Dimension of a Vector Space

The content in today's blog is taken from Hans Schnedier and George Phillip Barker's Matrices and Linear Algebra.

Definition 1: Finite-dimensional space

A vector space V is called finite-dimensional if and only if there is a finite family of vectors spanning V.

[For background: see Definition 2 here for vector space; see Definition 4 here for family of vectors; see Definition 3 here for spanning a vector space.]

Theorem 1:

Let V be a nonzero finite-dimensional vector space. Then:
(1) There is a finite basis for V.
(2) All bases for V have the same number of elements.

Proof:

(1) Let V be a nonzero finite-dimensional vector space.

[see Definition 2 here for vector space; see Definition 1 above for finite-dimensional]

(2) Then, there exists a finite family (x1, ..., xn) that spans V.

[See Definition 1 above; see Definition 4 here for family of vectors; see Definition 3 here for spanning a vector space.]

(3) Then there is a finite basis for V.

[See Corollary 1.1, here; see Definition 2 here for basis]

(4) Let X = the family of vectors (x1, ..., xm)

(5) Let Y = the family of vectors (y1, ..., yn)

(6) Let X,Y be two bases for V.

(7) X is linearly independent [see Definition 2, here]

(8) Y spans V. [see Definition 2, here]

(9) Using Theorem 2 here, we can conclude that m ≤ n.

(10) Since Y is linearly independent and X spans V, we can also conclude that n ≤ m.

(11) Hence, we have shown that m = n.

(12) This proves that all bases for V have the same number of elements.

QED

From Theorem 1, since all bases have the same number of elements, it makes sense to define a notation for this number of elements.

Definition 2: Dimension

Let V ≠ {0} be a finite-dimensional vector space and let X be a basis for V. Then |X| = n is called the dimension of V. We write dim V = n. If V = {0}, we define dim V = 0.

Lemma 2:

Let V be a nonzero finite-dimensional vector space.

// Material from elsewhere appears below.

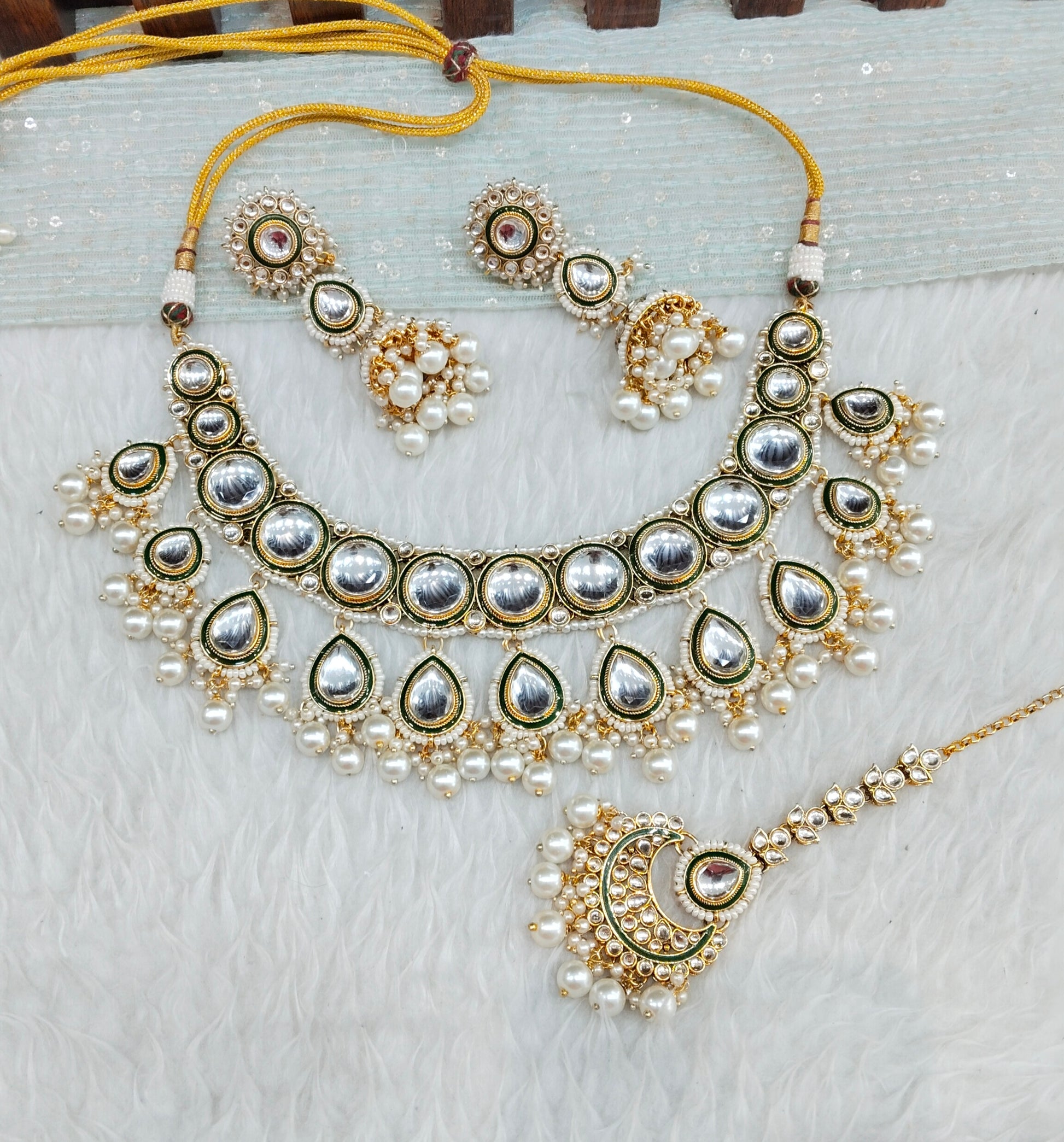 *Kundan necklace set with earrings and tikka.

Then, if the family of vectors (x1, ..., xm) is linearly independent, then there exists the family of vectors (y1, ..., yn) such that:

(x1, ..., xm, y1, ..., yn) is a basis.

Proof:

(1) Since V is a nonzero finite-dimensional space, there exists a family of vectors Y = (y1, ..., yp) such that Y is the basis for V. [see Theorem 1 above]

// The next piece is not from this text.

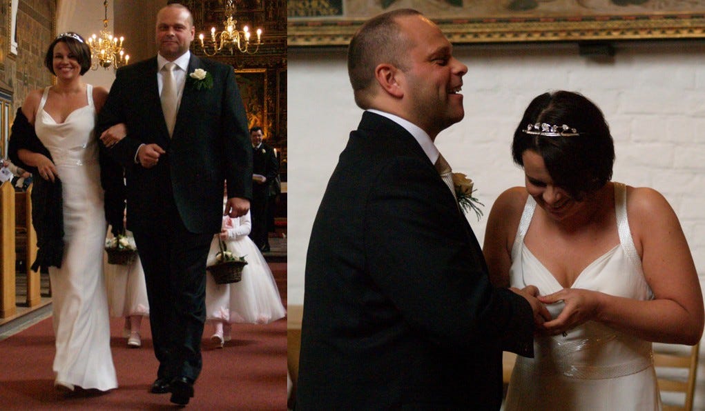 Image caption: we did a lot of hand holding on the day we got married - 22nd March 2008. We also had a good laugh as I tried to wedge Kim’s new wedding ring on to his generous sausage size finger! And yes, I got his approval before writing that. :o)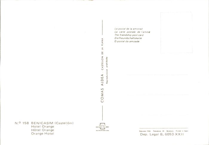 Benicasim Hotel Orange Arena Fliegeraufnahme postalisch nicht gelaufen Erhaltung siehe scans

(2) Since X = (x1, ..., xm) is linearly independent, we can apply Theorem 1 here to show that there exists a family of vectors (x1, ..., xm, y1, ..., yn) which is a basis.

QED

Lemma 3:

Let n = dim V where n is greater than 0.

(1) Then every linearly independent family in V has at most n members.
(2) Every family spanning V has at least n members.

Proof:

(1) Let the family of vectors (x1, ..., xt) be a linearly independent family of vectors.

(2) By Lemma 2 above, it can be completed to a basis (x1, ..., xt, y1, ..., yr).

(3) By Theorem 1 above, t + r = n since t + r and n are both bases and all bases have the same number of elements.

(4) Hence, t ≤ n.

(5) Let [[ y1, ..., yu ]] = V.

(6) By a previous result (see Corollary 1.1, here), we can reduce (y1, ..., yu) to a basis (y1, ..., ys)

(7) So that s ≤ u since [[y1, ..., ys]][[y1, ..., yu]]


(8) Using Theorem 1 above, s = n which means that n ≤ u.

QED

Lemma 4:

Let W be a subspace of a finite-dimensional vector space V.

Then dim W ≤ dim V

Proof:

(1) Let n = dim V

(2) Let W be a nonzero subspace of V. [See Definition 3 here for definition of subspace]

(3) Since W is nonzero, we know that there exists x such that x ≠ 0 and x ∈ W.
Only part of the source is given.